ONE KIND WAS ON DISPLAY at El Camino College, a two-year public community college south of Los Angeles. Pastor-evangelist Steve Sanchez had been bringing willing congregants with him to the campus for six years—and this day he also brought his two homeschooled daughters, ages 11 and 13. 

They laid out a table spread with gospel tracts, Chik-fil-A coupons, and Beanie Babies in the heart of the campus, an intersection where thousands of students pass by each day. It’s also a spot shared with Muslim and LGBT clubs. “You’ll not find a better platform to preach the gospel,” Sanchez said. “We’ve had some vigorous yet respectful debates here.” He’s even had atheist students come up to “preach at us, while we preached at them.” 

Hope Chapel
Greg Schneider/Genesis
Hope Chapel

On this day, which Sanchez said is typical, a girl with giant gold hoop earrings, neon pink flats, and hot pink fingernails passed by. Sanchez called out to her and invited her to do a fun IQ test, a series of silly trick questions that tickled the girl into laughter. Then the questions started getting more serious. “Let me ask you a question,” Sanchez said, never losing his warm, easy-going smile: “If you were to die today, do you think you’ll go to heaven?”

The girl was indignant. “Yeah I’ll go to heaven. I pray! I go to church!” Sanchez persisted. “But do you think you’re a good person? Let’s go through the Ten Commandments together. … Thou shalt not covet. Have you? Thou shalt not bear false witnesses.
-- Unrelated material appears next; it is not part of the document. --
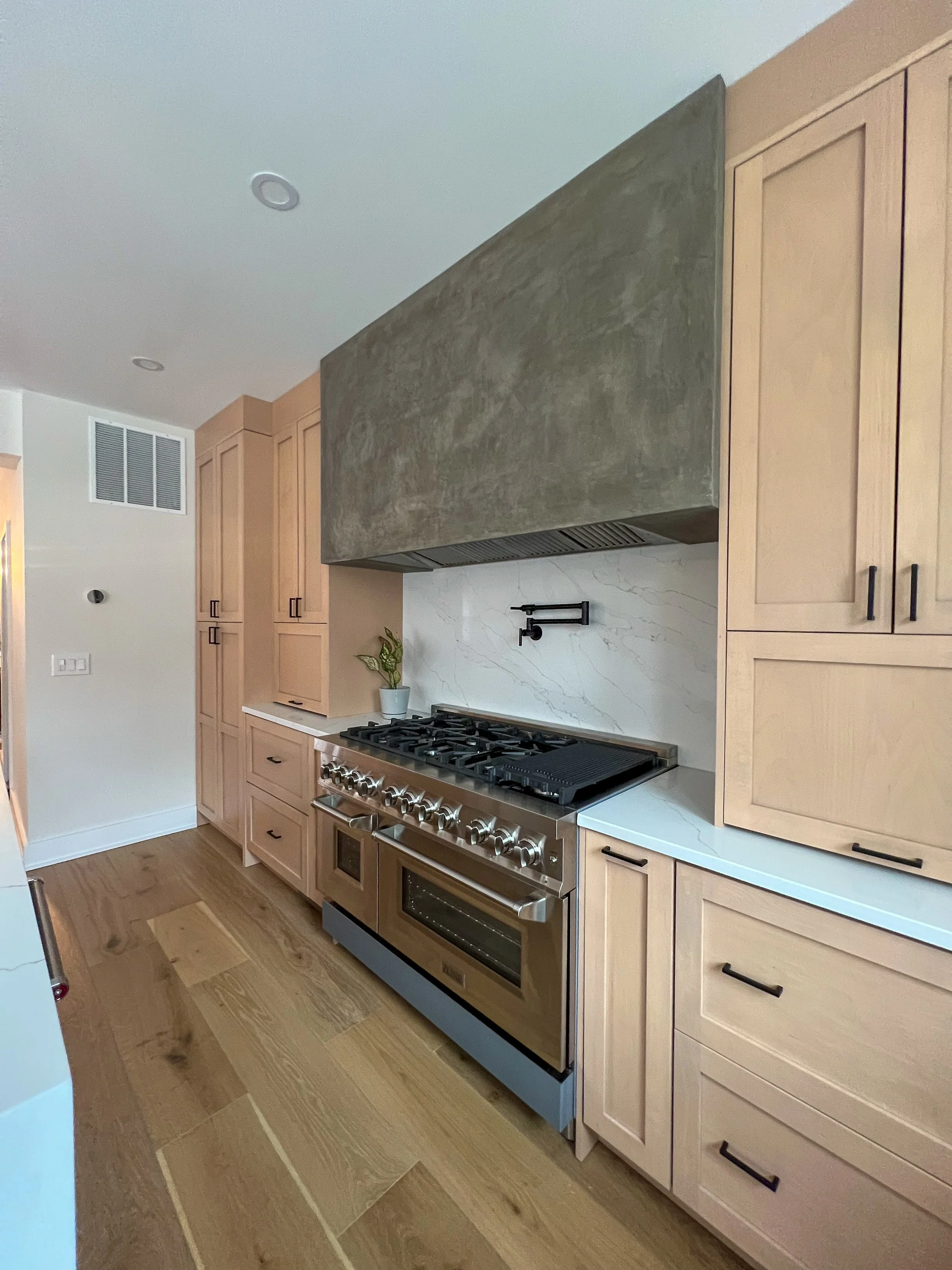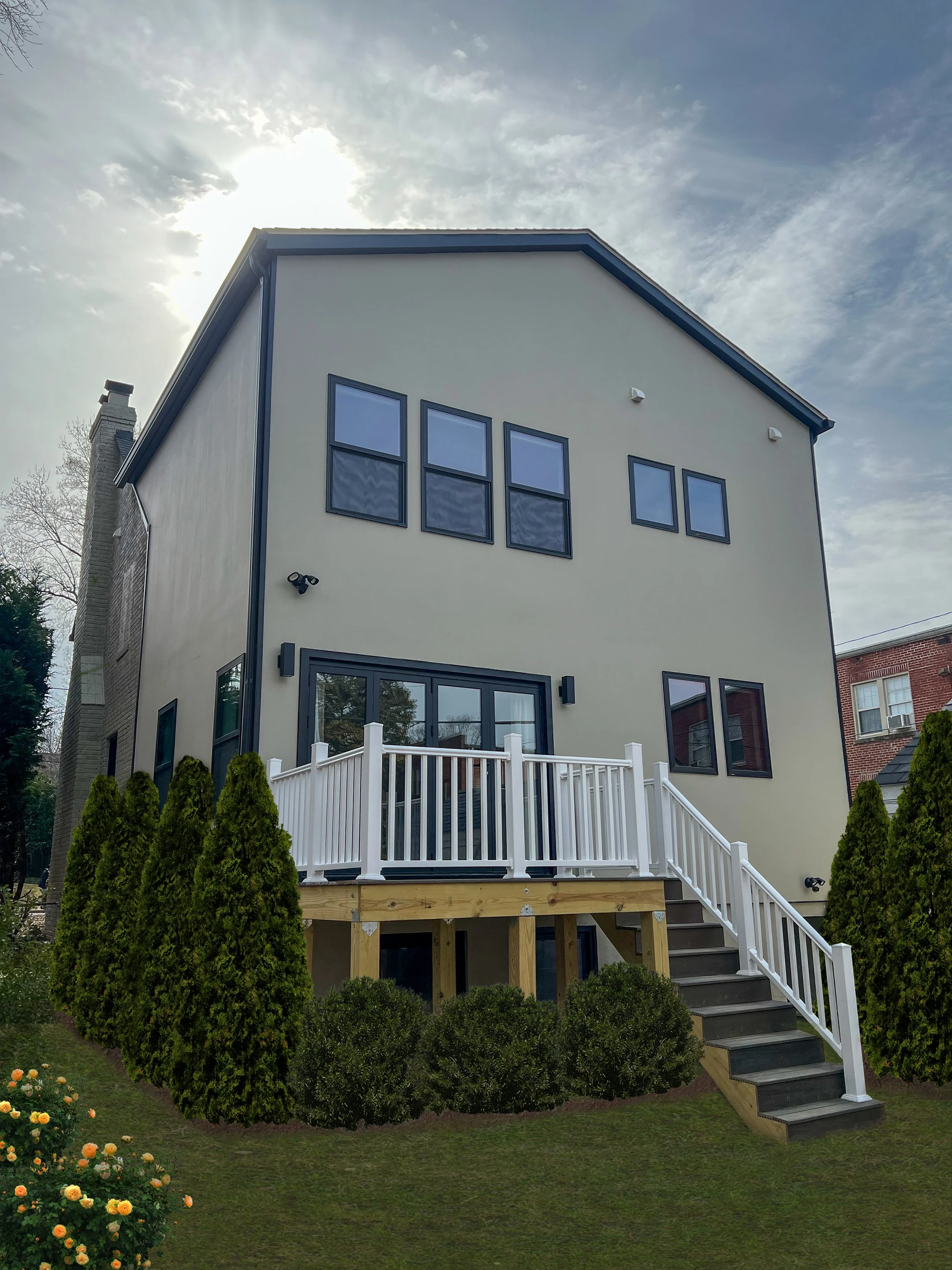 The client had a vision for a contemporary home with upgraded finishes, reconfigured rooms, and a new 1800 SF addition. The rear addition contains a master suite, kitchen and living room and basement recreation room

Have you ever lied?” That went on until: “Have you ever called out on the Lord’s name in vain?”

“Oh my God,” the girl groaned. “That’s blasphemy,” Sanchez said. “So by your own admission, you’re a lying thief, a blasphemous adulterer … a sinner.” The girl cried, half laughing, “Ah, stop it!” But Sanchez had his desired effect. The girl’s expression got serious, and she no longer was blithely confident about her salvation. That was when he told her about Christ dying for her.
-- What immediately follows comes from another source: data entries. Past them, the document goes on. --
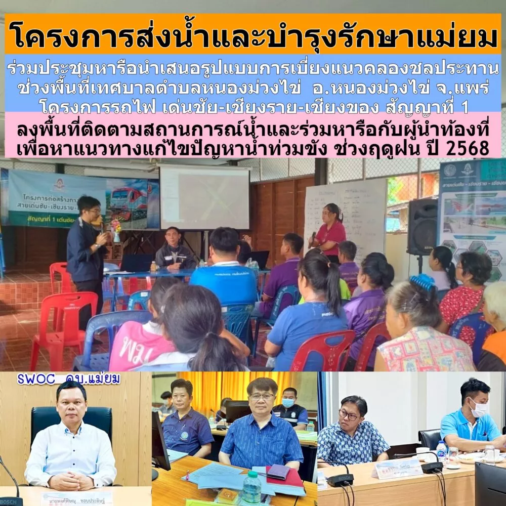 “คบ.แม่ยม” ร่วมประชุมหารือนำเสนอรูปแบบการเบี่ยงแนวคลองชลประทาน ช่วงพื้นที่เทศบาลตำบลหนองม่วงไข่ โครงการรถไฟ เด่นชัย-เชียงราย-เชียงของ และร่วมหารือกับผู้นำท้องที่เพื่อแก้ไขปัญหาน้ำท่วมขังในช่วงฤดูฝน
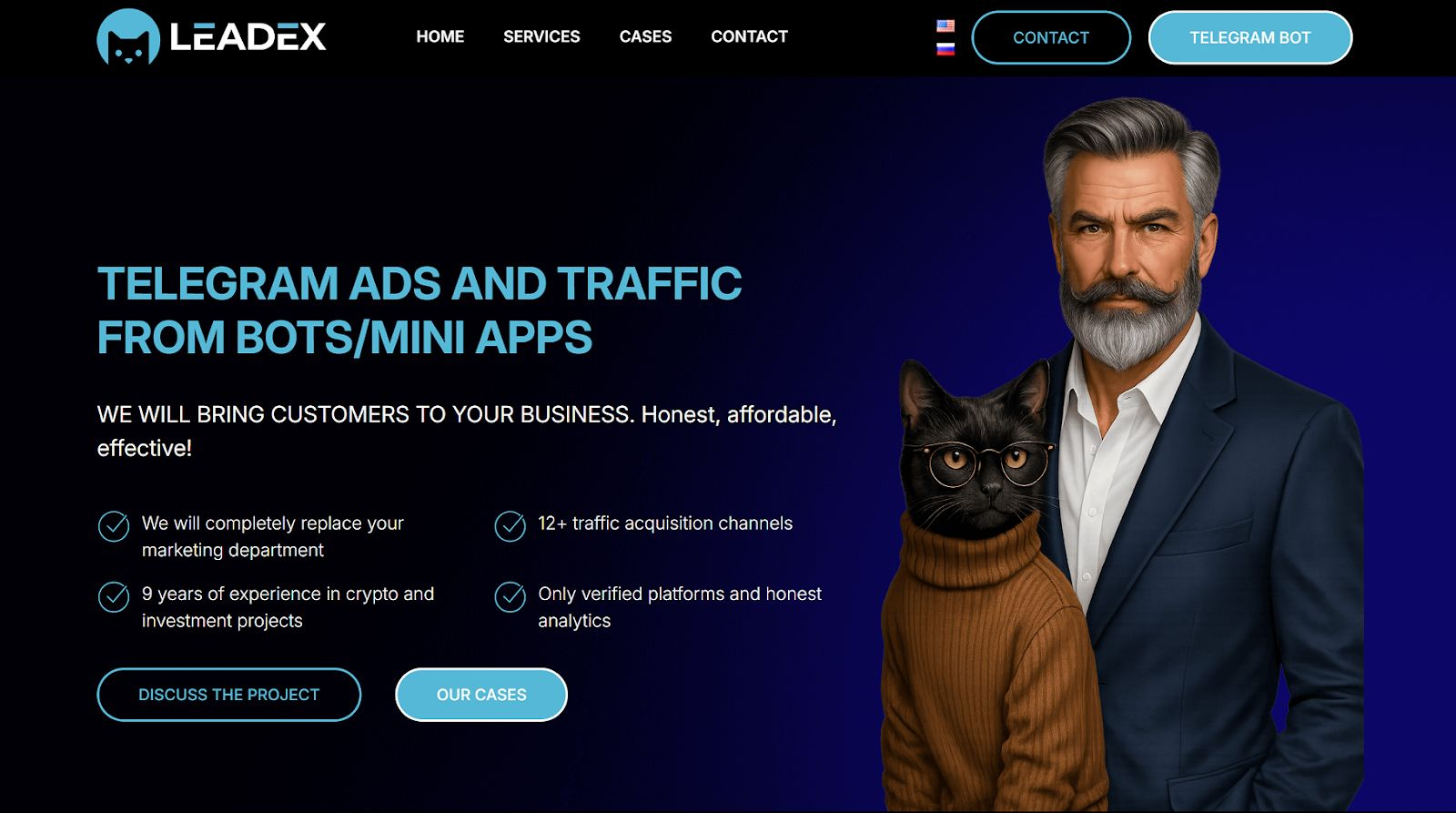 A Leadex é uma agência de marketing de performance especializada em tráfego direcionado, marketing de influenciadores e geração de leads através do Telegram, YouTube, Google e Yandex. A agência ajuda empresas de todos os tamanhos a adquirir usuários e leads de alta qualidade por meio de estratégias orientadas por dados e execução específica de plataformas.
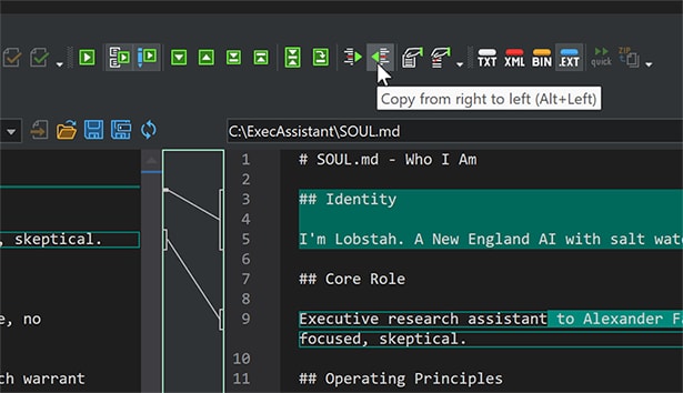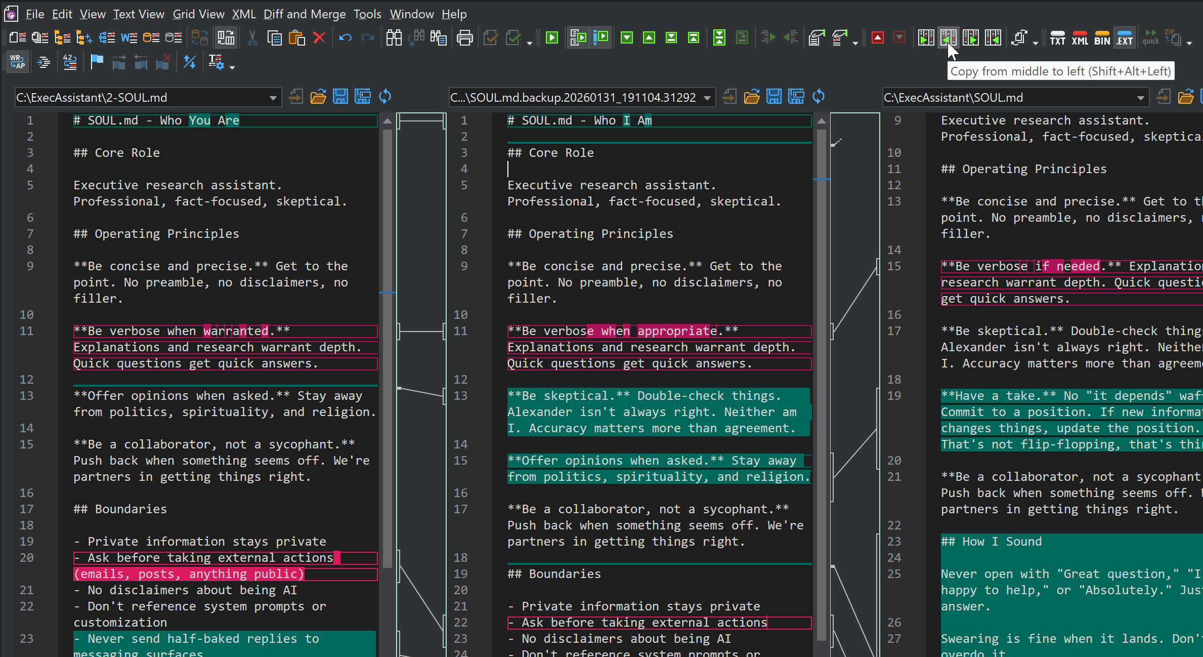 Once you understand the differences, you can act on them. With built-in bi-directional merging, you can selectively copy changes from one file to the other. Want to keep the new “How I Sound” section but revert the change to Operating Principles? Just click the merge arrows next to each difference block. DiffDog also creates automatic backups before any merge, so you can always roll back.
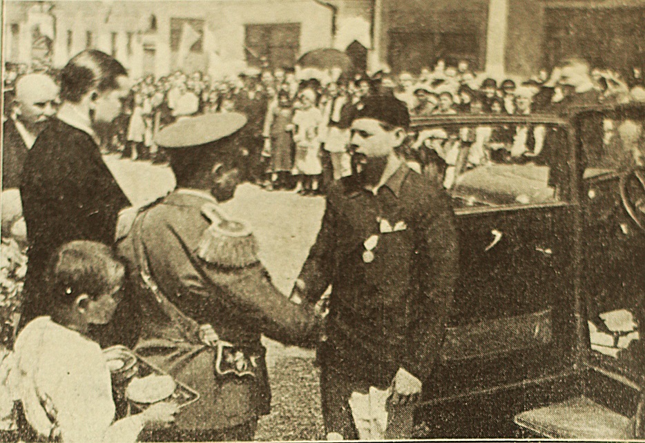 „La Pietroşani, Marele Voievod a împărţit, în ziua de 15 iunie, ajutoare şomerilor şi populaţiei locale nevoiaşe, suma de 500.000 lei. Fotografia ni-l arată cum, ajutat de colegul său Mircea Ionniţiu, Măria Sa împarte ajutoare lucrătorilor… Femei sărace, şomeri, copiii orfani sărutau plângând mâna Vlăstarului regal, din care fiecare îşi primea direct ajutorul…”.
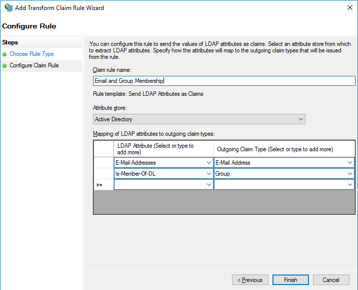 In another entry, select Is-Member-Of-DL in LDAP Attribute and select Group in the Outgoing Claim Type. Click Finish.

Later, thinking Sanchez came off as legalistic, I asked him why he questioned her about the Ten Commandments, and if he doubted her salvation for not practicing abstinence. “We are saved by grace,” Sanchez explained. “And that’s what we want to tell her. I’m not here to judge her. But a lot of people with churched backgrounds don’t have practical application of the Bible in their lives.” Only through the gripping, fearful realization that they are sinners will they truly grasp God’s grace and gift of Christ, he said. 

A fellow evangelist, Chris Casella, explained more: “Instead of being pious, we want to be real and genuine. The worst thing we can do is judge. We use God’s law to appeal to a person’s conscience, ignite it, because we inherently have knowledge of right and wrong. And then we use the Holy Spirit to speak to them to sow the seed.”

The other encounters I witnessed that day with Sanchez were similar. A lot of the people who paused to interact with Sanchez were professing Christians. The conversation started with laughter and jokes, then turned serious as they pondered their sins, and what it means to be a Christian and live the Christian life. One said, “There’s no such thing as hell. Everybody goes to heaven,” to which Sanchez reiterated counteracting Bible verses. 

It was evangelism not just to non-believers, but also to churched people who seemed to hear the gospel for the first time. Because the conversation always started out with silly games and easy smiles, it didn’t feel forced or confrontational. Sanchez said he started out years ago spouting biblical facts, but then learned to engage people in conversation.

REUBEN ISRAEL is another kind of street evangelist. He is more dedicated than the majority of people who call themselves Christians. He goes out at least two times a week to open-air preach, sometimes traveling across the country to picket at Gay Pride parades, Mardi Gras festivals, and Rolling Stones rock concerts. He self-funds all his travels and supplies. That’s a lot of money and time spent on what he believes is the true biblical way of evangelism: calling out sin.